Why is a culture diluted during plate counts?
What must be assumed when using the plate counting method for measuring microbial growth?
Do you want more practice?
Here’s what students ask on this topic:
What is the advantage of using plate counts over direct cell counting?
Plate counts offer a significant advantage over direct cell counting because they specifically count viable or living cells. Direct cell counting includes both viable and nonviable (dead) cells, which can lead to inaccurate assessments if the goal is to measure only the living cells. By using plate counts, scientists can ensure that each colony counted represents a viable cell capable of multiplying, providing a more accurate measure of cell viability and growth. This method is particularly useful in microbiology for studying cell viability and the effectiveness of antimicrobial treatments.
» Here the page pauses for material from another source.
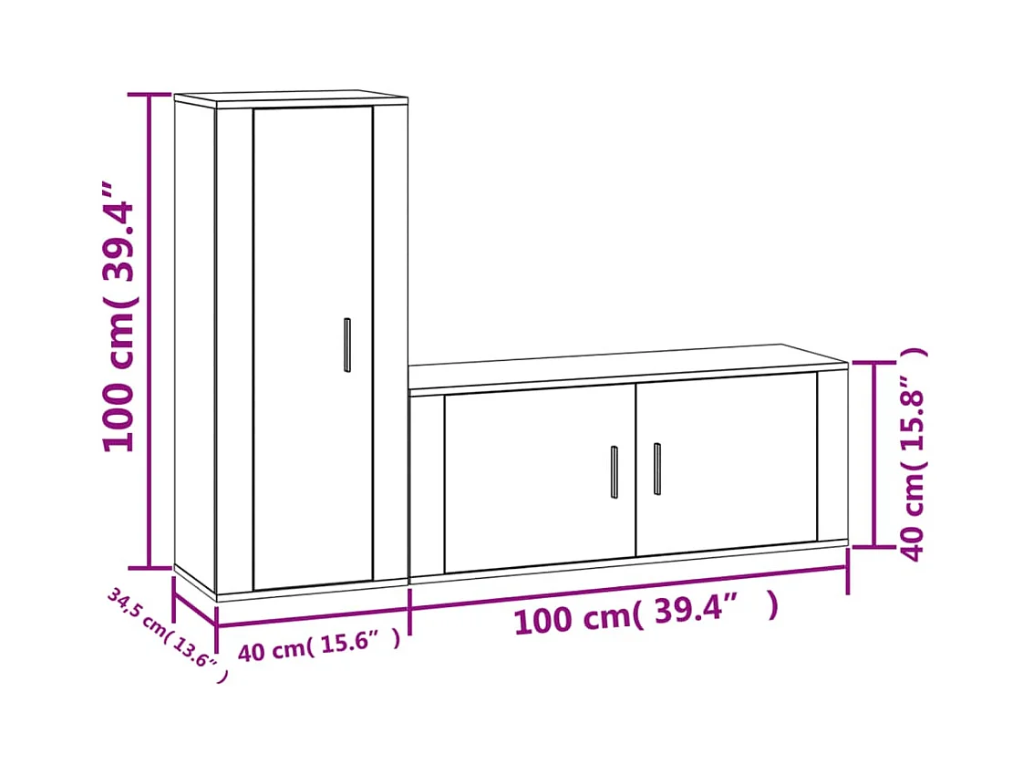 Marisa Set de muebles de TV 2 pzas madera contrachapada roble ahumado

What is a colony-forming unit (CFU) in the context of plate counts?
A colony-forming unit (CFU) is a term used in microbiology to describe a single viable cell that has the potential to multiply and form a colony on solid growth media. In the context of plate counts, CFUs are used to estimate the number of viable cells in a sample. The assumption is that each colony observed on the plate originates from a single viable cell. By counting the number of colonies, scientists can determine the number of CFUs, which directly correlates to the number of viable cells in the original culture.
Why are serial dilutions necessary in the plate count method?
Serial dilutions are essential in the plate count method to achieve a countable range of colony-forming units (CFUs). The original liquid culture often contains too many cells, making it difficult to count the colonies accurately. By performing serial dilutions, which involve a series of stepwise dilutions, scientists can reduce the cell concentration to a manageable level. This ensures that the number of CFUs on the plate falls within the optimal range of 33-100, making it easier to count and providing more reliable results. Accurate dilutions are crucial for calculating the number of viable cells in the original culture.
How do you calculate the number of viable cells in the original culture using plate counts?
To calculate the number of viable cells in the original culture using plate counts, follow these steps: First, count the number of colonies (CFUs) on a plate that falls within the optimal range of 33-100 CFUs. Next, determine the dilution factor used for that plate. Multiply the number of CFUs by the reciprocal of the dilution factor to estimate the number of viable cells in the original culture. For example, if you counted 50 CFUs on a plate with a 1:1000 dilution, the calculation would be 50 × 1000, resulting in 50,000 viable cells in the original culture.
What is the critical assumption made in the plate count method?
The critical assumption made in the plate count method is that each colony observed on the plate originates from a single viable cell. This assumption is crucial because it allows scientists to equate the number of colonies (CFUs) directly to the number of viable cells in the original sample. If this assumption is not met, the accuracy of the plate count method would be compromised, leading to incorrect estimations of cell viability and growth. Ensuring that each colony forms from a single cell is fundamental to the reliability of this technique.